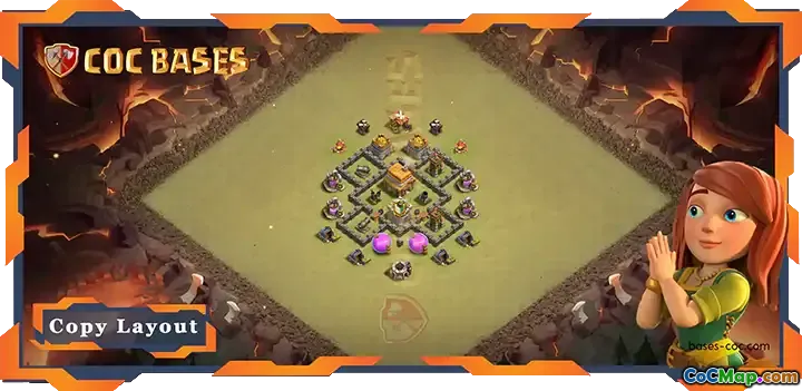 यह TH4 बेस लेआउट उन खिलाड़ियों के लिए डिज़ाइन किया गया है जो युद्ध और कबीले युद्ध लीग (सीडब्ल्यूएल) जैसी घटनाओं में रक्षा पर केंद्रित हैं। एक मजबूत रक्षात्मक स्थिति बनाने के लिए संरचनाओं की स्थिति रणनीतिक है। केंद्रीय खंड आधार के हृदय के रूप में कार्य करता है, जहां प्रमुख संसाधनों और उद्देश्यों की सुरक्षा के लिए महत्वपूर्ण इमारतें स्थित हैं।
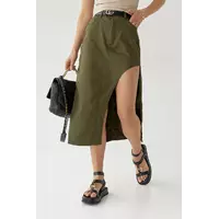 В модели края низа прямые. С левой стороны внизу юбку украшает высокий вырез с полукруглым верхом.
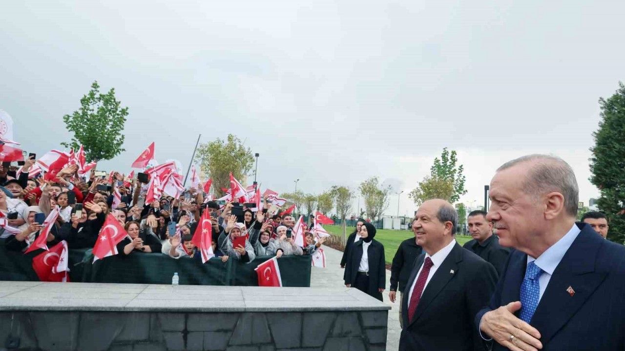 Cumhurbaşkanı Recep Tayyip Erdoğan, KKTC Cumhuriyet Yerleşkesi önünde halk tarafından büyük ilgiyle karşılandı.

• ASSIGNMENT
If you see a picture in the listing, skip it while copying everything else exactly.

• SOLUTION TO THIS EXERCISE
 यह TH4 बेस लेआउट उन खिलाड़ियों के लिए डिज़ाइन किया गया है जो युद्ध और कबीले युद्ध लीग (सीडब्ल्यूएल) जैसी घटनाओं में रक्षा पर केंद्रित हैं। एक मजबूत रक्षात्मक स्थिति बनाने के लिए संरचनाओं की स्थिति रणनीतिक है। केंद्रीय खंड आधार के हृदय के रूप में कार्य करता है, जहां प्रमुख संसाधनों और उद्देश्यों की सुरक्षा के लिए महत्वपूर्ण इमारतें स्थित हैं।
 В модели края низа прямые. С левой стороны внизу юбку украшает высокий вырез с полукруглым верхом.
 Cumhurbaşkanı Recep Tayyip Erdoğan, KKTC Cumhuriyet Yerleşkesi önünde halk tarafından büyük ilgiyle karşılandı.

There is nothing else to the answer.